Hi everyone! it’s been a minute so I though some people would want a status update on the GPU stuff and what’s going on.
We are finishing up the PR for the inverse on the GPU (to the point of naming things and adding some docs). Once that’s done we have one more PR to bring in the kernel for the Cholesky GPU, it’s primitive, and the derivative. We may break the Cholesky into two separate PRs, one for the kernel code / primitive and another for the derivative. Two PRs could be nice in terms of making an easier code review.
After that it’s making sure cmdstan and the downstream projects are able to access the current GPU implementation.
As for the future, below is a list of projects I’ve compiled and shared with Rok. I’ve tried sorting these by ‘value’ where value
is brutishly hand waved as usefulness / effort
. I’m also probably more biased towards doing low effort things first.
- Making
matrix_cl
structs for arguments in the kernel signatures
(medium-high value / low effort)
See here:
This means kernel signatures will go from something like
void transpose(__global double *B, __global double *A,
unsigned int rows, unsigned int cols)
to something like
void transpose(__global matrix_cl *B, __global matrix_cl *A)
The struct would hold the normal stuff we already pass, clean up the signatures, and will remove the gross macros we use now.
The struct can be pretty light and hold
- indexing by overloading the () operator.
- Rows and col dims
- ??? !stuff! ???
The only downside to this is we would need the structs definition to exist on both the host and device so we need to duplicate the code or do something else clever.

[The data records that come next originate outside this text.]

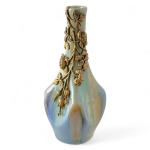 MASSIER Vase en grès émaillé, la monture en bronze doré représentant une branche fleurie H.: 11.2 cm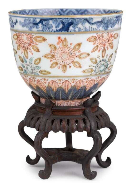 Rice flake bowl polychrome and gilt painted on the exterior with export stylized floral motifs, between a blue and white band to mouth depicting 'three friends' and an iron red and blue double lappet band near base.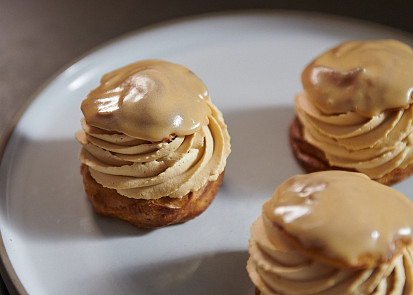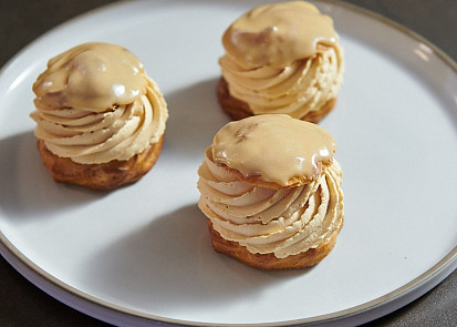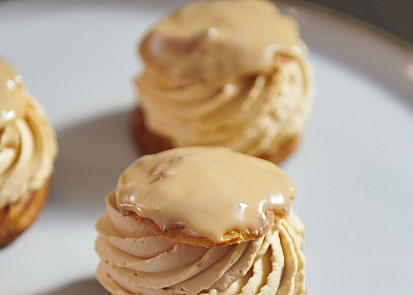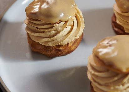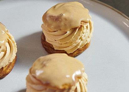 Odpalované těsto připravíme podle videonávodu a receptu Heleny Fléglové.Křupavou vrstvu připravíme podle receptu Heleny Fléglové.Troubu předehřejeme na 220 °C.Vychlazené odpalované těsto nastříkáme do požadovaných tvarů dle níže uvedeného videonávodu.Do předehřáté trouby vložíme plech s větrníky a teplotu ihned snížíme na 170 °C. Větrníky pečeme 25 minut. Větrníky mohou být po upečení trochu tmavší, je to proto, že jsme je před pečením sypali moučkovým cukrem, který mírně zkaramelizoval a vytvořil mírně tmavší odstín.Nejdříve připravíme vanilkový krém s mascarpone. Plátky želatiny vložíme na 3-5 minut do misky se studenou vodou.Vanilkový lusk rozřízneme, vyškrábneme zrníčka a i s luskem vložíme do kastrůlku. Do kastrůlku přilijeme 180 g smetany ke šlehání, 100 g mléka a začneme směs zahřívat.Mezitím v misce smícháme 80 g žloutků, 40 g krystalového cukru a 14 g kukuřičného škrobu.Smetanovou směs zahřejeme přibližně na 50 °C, část nalijeme do misky ke žloutkům, důkladně promícháme kvůli vyrovnání teplot a vlijeme zpátky do kastrůlku. Zahříváme za stálého míchání metličkou, protože směs začne houstnout. Jakmile krém začne houstnout, zmírníme teplotu a necháme ho pár sekund provařit. Nesmí se vařit déle, kukuřičný škrob by tak ztratil funkčnost.Želatinu vymáčknutím zbavíme přebytečné vody, přidáme ji do krému a promícháme. Z hotového krému vylovíme vanilkový lusk. Ještě horký krém přelijeme do vyšší nádoby, přidáme 160 g mascarpone a promixujeme ponorným mixérem.Do krému přidáme 60 g čerstvého másla nakrájeného na kostky a znovu důkladně promixujeme. Hotový krém přelijeme do větší mísy, zakryjeme na kontakt potravinářskou fólií a dáme na několik hodin vychladnout do lednice.Pustíme se do přípravy slaného karamelu. Do rendlíku nalijeme 80 g smetany ke šlehání a začneme pomalu zahřívat.Do druhého rendlíku dáme 50 g glukózy, 70 g krystalového cukru a 4 g soli a začneme pozvolna karamelizovat. Karamel v průběhu zahřívání průběžně opatrně promícháváme a hlídáme, aby se nepálil. Stačí, když se spálí malý kousek cukru, a celý karamel je pak nahořklý. Jakmile má karamel požadovanou zlatou barvu, zmírníme plotnu a do karamelu vmícháme 15 g čerstvého másla nakrájeného na kostky. Následně pomalinku za stálého míchání přiléváme ohřátou smetanu a chvíli provaříme.Hotový karamel přelijeme do větší mísy, zakryjeme na kontakt potravinářskou fólií a vložíme minimálně na 2 hodiny do lednice.Nyní připravíme karamelovou šlehačku. Do hrnce nalijeme 200 g smetany a začneme pomalu zahřívat. Druhý hrnec rozpálíme, a když je horký, vsypeme 50 g krystalového cukru, 60 g třtinového cukru a 1 g soli. Necháme karamelizovat.Smetanu ve druhém hrnci zahříváme proto, že vždy, když lijeme do horkého karamelu tekutinu, potřebujeme, aby měla podobnou teplotu. Do zkaramelizovaného cukru pomalu a za stálého míchání přilijeme horkou smetanu, a dobře provaříme. Horký karamel přelijeme do mísy, umístěné na kuchyňské váze, a přilijeme studenou smetanu do celkové hmotnosti 500 g. Přikryjeme na kontakt potravinářskou fólií a dáme na několik hodin chladit do lednice.Posledním komponentem k přípravě je domácí fondán. Do kastrůlku nalijeme 120 g mléka a začneme zahřívat. Druhý hrnec rozpálíme, a když je dostatečně horký, vsypeme do něj 90 g krystalového cukru a necháme zkaramelizovat. Do karamelu přilijeme horké mléko, dobře promícháme a chvíli provaříme, aby se kousky karamelu rozpustily. Přes sítko pak postupně přisypáváme 150 g moučkového cukru, který fondán zahustí, a vše vymícháme do krémové konzistence. Pokud bychom to s cukrem přehnali a fondán byl příliš hustý, stačí do něj přidat trochu mléka a důkladně rozmíchat.Vychlazený vanilkový krém přendáme do mísy robotu se šlehací metlou a prošleháme ho pár sekund na plný výkon dohladka. Hotový vanilkový krém naplníme do cukrářského sáčku s hladkou špičkou velikosti 10 mm.Do mísy robotu přelijeme základ na karamelovou šlehačku a vyšleháme. Jako vždy, když šleháme smetanu, začínáme na střední výkon a postupně zesilujeme. Šlehačku naplníme do cukrářského sáčku se špičkou tvaru hvězdy.Do cukrářského sáčku bez zdobicí špičky naplníme vychlazený slaný karamel, který má krásně krémovou konzistenci.Pustíme se do kompletace větrníků. Větrníky prořízneme vroubkatým nožem cca ve 2/3 jejich výšky. Odříznuté vršky namočíme do připraveného fondánu a odložíme stranou. Těsto ve spodní části větrníků můžeme prsty malinko promáčknout, vznikne nám tím více prostoru pro náplň. Do spodní části větrníků dáme zdobicím sáčkem slaný karamel (množství cca 1 lžička) a překryjeme ho vrstvou vanilkového krému.Nakonec ozdobně nastříkáme vrstvu karamelové šlehačky a větrníky přiklopíme horní částí, namočenou ve fondánu.

- Using CL_MEM_ALLOC_HOST_PTR and other currently available features to speed up the host to device memory transfer
(medium-low value / low effort)
There’s a few OpenCL 1.2 features we are not using that could help us out with memory transfer speeds. For instance, CL_MEM_ALLOC_HOST_PTR
pins memory to the host RAM and stops the memory from being transferred to virtual memory which can give us some speed.
- Adding multiplication / addition / subtraction / covariance functions derivatives and some other GPU functions
(medium value / lowish effort)
Looking at the derivative for multiplication idt we would even need any new kernels? Some of these like the GP kernels may require a bit of effort.
The less plug and play ones may be good for master’s students to work on for class projects. I can reach out to the professor who taught my GPU course and throw this out there for people.
The glm kernel methods Erik mentioned also go here (the glm should probably be higher up on this list)
- Playing nicely with MPI through out of order command queues and multiple GPUs
(medium value / low-medium effort)
Adding the CL_QUEUE_OUT_OF_ORDER_EXEC_MODE_ENABLE
to a device’s command queue means that we now [have to / get to] use event management when we execute kernels.
Right now we are waiting on all the commands in a command queue to finish one after the other, we can instead have
a. events per matrix_gpu
b. events per kernel
Then feed those events into the other kernels. idt this would matter much for a single thread, but it would be good if we had multiple threads since the GPUs are able to do a read/write while computing stuff
https://www.khronos.org/registry/OpenCL/sdk/1.2/docs/man/xhtml/clCreateCommandQueue.html
- Making a Cache for data on the GPU
(high value / medium-high effort)
If we know the memory addresses of data during the life of the program, when we transfer data over to the gpu we can have a map with the address being the key and a pointer to the device buffer as the value. The next time this data is transferred we just reference the already allocated buffer’s pointer and return if from cache instead of making the actual copy. This would be fast, but we would probably need to let users fine tune the cache size for their device and problem. We also have have to be careful about in place operations. Maybe we could hold a copy of the original buffer in the dictionary.
- Using OpenCL 2.0 features
(medium value / medium effort)
Reading below article (ctrl+f for ‘Experimental OpenCL 2.0’) it says’ the newest Nvidia drivers have a good bit of OpenCL 2.0 available. Some older devices may not have these drivers available and the features are still in beta, but OpenCL 2.0 has Shared Virtual Memory, which in short means that
- The host and device can share complex pointer types.
- I’m pretty sure this means we could pass whole chunks of the expression tree over to the GPU
- SVM can utilize intels accelerated memory hardware for very fast transfers of data between host and device.
- Expression Templates for the GPU functions
(V high value / V high effort)
I read the proto docs and some other expression template stuff online, but I’m not totally sure I could implement this in a reasonable amount of time. It feels like doing this in a not gross way is going to be a substantial effort.
I’m not sure if my ranking is correct or if I missed anything important so if you can think of how to tackle some of these or whether one is more important than the other lmk! My personal favorites are the struct, cache, and multiple GPUs w/ mpi.